**Exercise:**
Find the line with "TBNews Bengkulu, 5" in the records below. Output exactly from there until after the line with "Number: 03**** |", without pictures.

**Recorded information:**
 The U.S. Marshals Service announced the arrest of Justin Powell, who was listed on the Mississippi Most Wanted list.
==
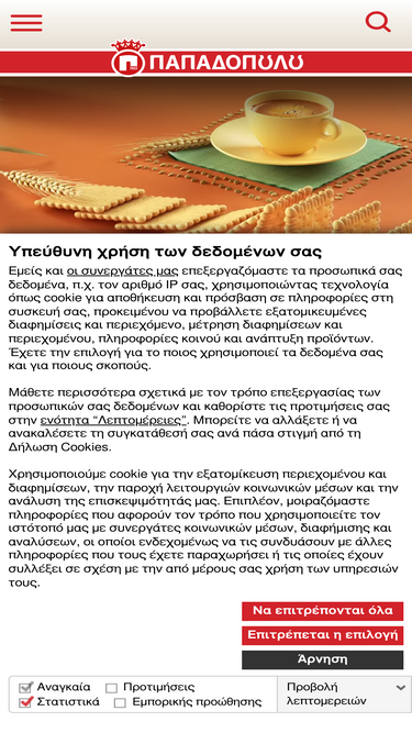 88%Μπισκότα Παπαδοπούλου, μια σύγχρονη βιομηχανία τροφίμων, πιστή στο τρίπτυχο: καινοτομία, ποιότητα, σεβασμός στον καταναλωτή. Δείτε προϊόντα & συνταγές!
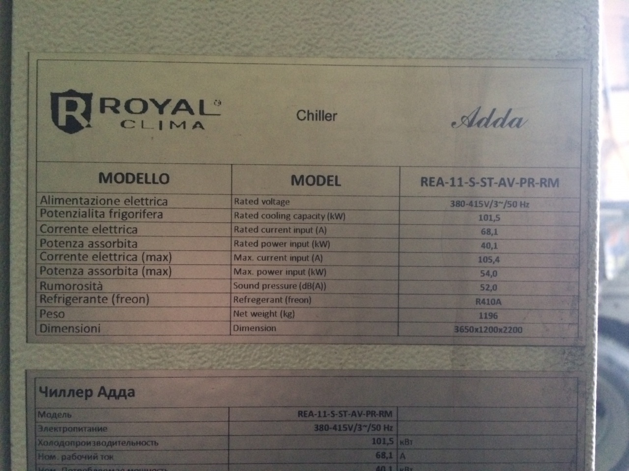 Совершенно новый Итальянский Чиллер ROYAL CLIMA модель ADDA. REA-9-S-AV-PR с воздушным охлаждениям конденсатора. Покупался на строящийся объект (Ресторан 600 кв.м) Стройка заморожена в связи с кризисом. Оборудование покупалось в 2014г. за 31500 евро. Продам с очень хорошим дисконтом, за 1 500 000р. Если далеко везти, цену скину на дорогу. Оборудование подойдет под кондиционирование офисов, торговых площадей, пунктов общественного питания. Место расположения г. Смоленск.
--
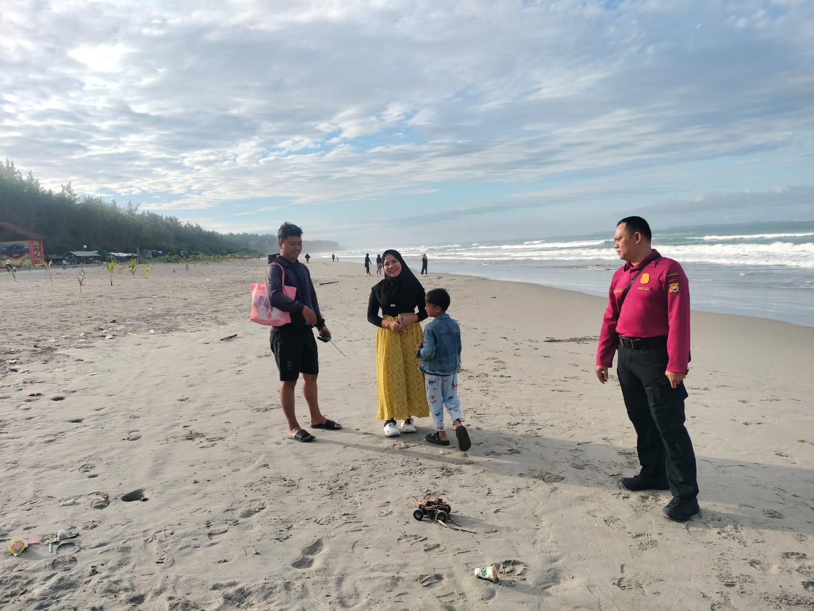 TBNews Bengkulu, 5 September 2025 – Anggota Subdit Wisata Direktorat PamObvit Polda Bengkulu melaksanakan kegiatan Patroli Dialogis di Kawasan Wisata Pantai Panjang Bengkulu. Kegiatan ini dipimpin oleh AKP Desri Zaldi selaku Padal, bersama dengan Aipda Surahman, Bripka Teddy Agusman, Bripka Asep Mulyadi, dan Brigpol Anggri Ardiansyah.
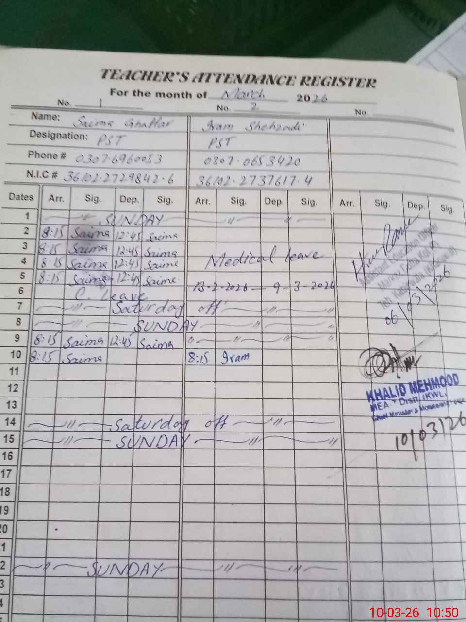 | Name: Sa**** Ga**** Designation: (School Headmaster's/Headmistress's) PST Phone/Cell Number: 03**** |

**Solution to this task:**
 TBNews Bengkulu, 5 September 2025 – Anggota Subdit Wisata Direktorat PamObvit Polda Bengkulu melaksanakan kegiatan Patroli Dialogis di Kawasan Wisata Pantai Panjang Bengkulu. Kegiatan ini dipimpin oleh AKP Desri Zaldi selaku Padal, bersama dengan Aipda Surahman, Bripka Teddy Agusman, Bripka Asep Mulyadi, dan Brigpol Anggri Ardiansyah.
 | Name: Sa**** Ga**** Designation: (School Headmaster's/Headmistress's) PST Phone/Cell Number: 03**** |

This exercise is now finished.